Huggingface datasets streaming problem

I trained my model with transformers.Trainer and datasets.load_dataset.
When I use the private datasets with streaming options, I got an error message “unauthorized” even if I pushed private tokens. It happens only in the training with transformers.Trainer. I guess there are some problems in certification errors for the dataloader in the Trainer. I want to know the reason why it happens yesterday (before the day I couldn’t see any message like this).

Hi! What kind of dataset are you trying to stream? We’ve recently fixed some issues with streaming private audio and vision datasets, so if your dataset falls into that category, you should update the lib to the newest version. Also, make sure to explicitly set use_auth_token=True or use_auth_token="<token>" in load_dataset when loading a private dataset.

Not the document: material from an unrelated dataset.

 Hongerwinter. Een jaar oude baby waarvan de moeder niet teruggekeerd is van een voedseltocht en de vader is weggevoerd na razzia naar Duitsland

Hi, Thanks for your concerns. I tried on my personal text data saved with .parquet extension(actually, it uploaded by the function datasets.DatasetDict.push_to_hub ). My implementation code is below,

from datasets import load_dataset

dataset = load_dataset(<repo_id>, use_auth_token=<private_token>, streaming=True)
for d in dataset['train']:
    print(d)
    break # this is for checking

it cause the error like this,

/usr/local/lib/python3.7/dist-packages/aiohttp/client_reqrep.py in raise_for_status(self)
1007 status=self.status,
1008 message=self.reason,
→ 1009 headers=self.headers,
1010 )
1011

ClientResponseError: 401, message='Unauthorized', url=URL('https://huggingface.co/datasets/.../train-00000-of-00001-168b451062c67c34.parquet')

At the first time, I guess it is because of the inserted token. But when I load again the dataset with the streaming=False option, it works well.

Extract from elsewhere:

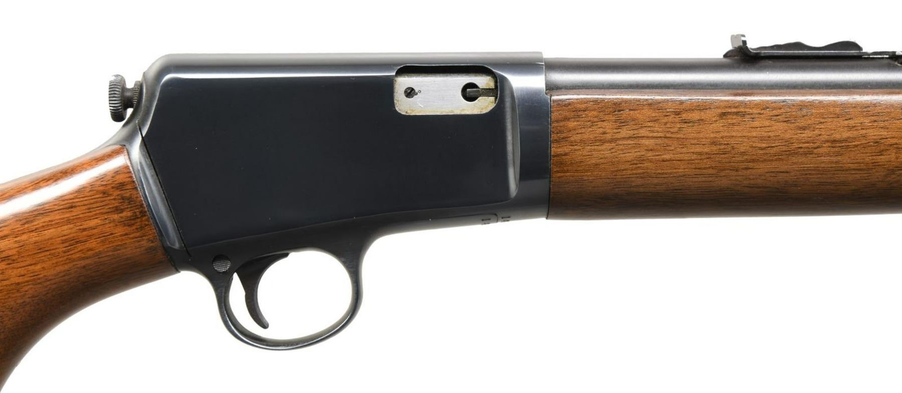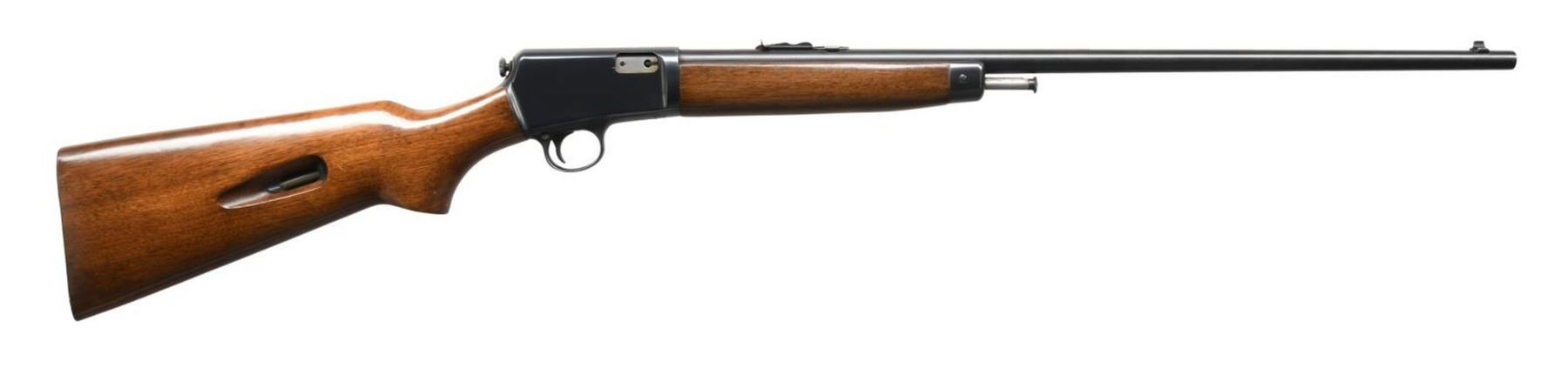 Cal. 22 LR. S# 149234A. Bbl. 23" with factory sights; dovetailed silver bead front and elevator adjustable rear. Mfg. 1956 (1933-1958; approx. 175,000 units) without grooved receiver. Takedown with appearance similar to previous Model 1903 but designed for modern LR cartridge. CONDITION: occasional very faint handling marks and wear on action rod. Overall very good plus to near excellent including bore. PROVENANCE: The Collection of Gun Sport Ltd owned by Jon R. Thomas.(23-3562/NW). CURIO. $750-1,000.

So, I wondered why this occurs…! (datasets version is “2.3.2”)

I fix this error and pulled it to the fix-auth-error-private-dataset by hkjeon13 · Pull Request #4699 · huggingface/datasets · GitHub

we’ll do a new release of datasets on monday to include the fix :slight_smile:

Thank you! I’m looking for :slight_smile:

We just did the release, please update datasets and let us know if you still have the issue :slight_smile:

pip install -U datasets
1 Like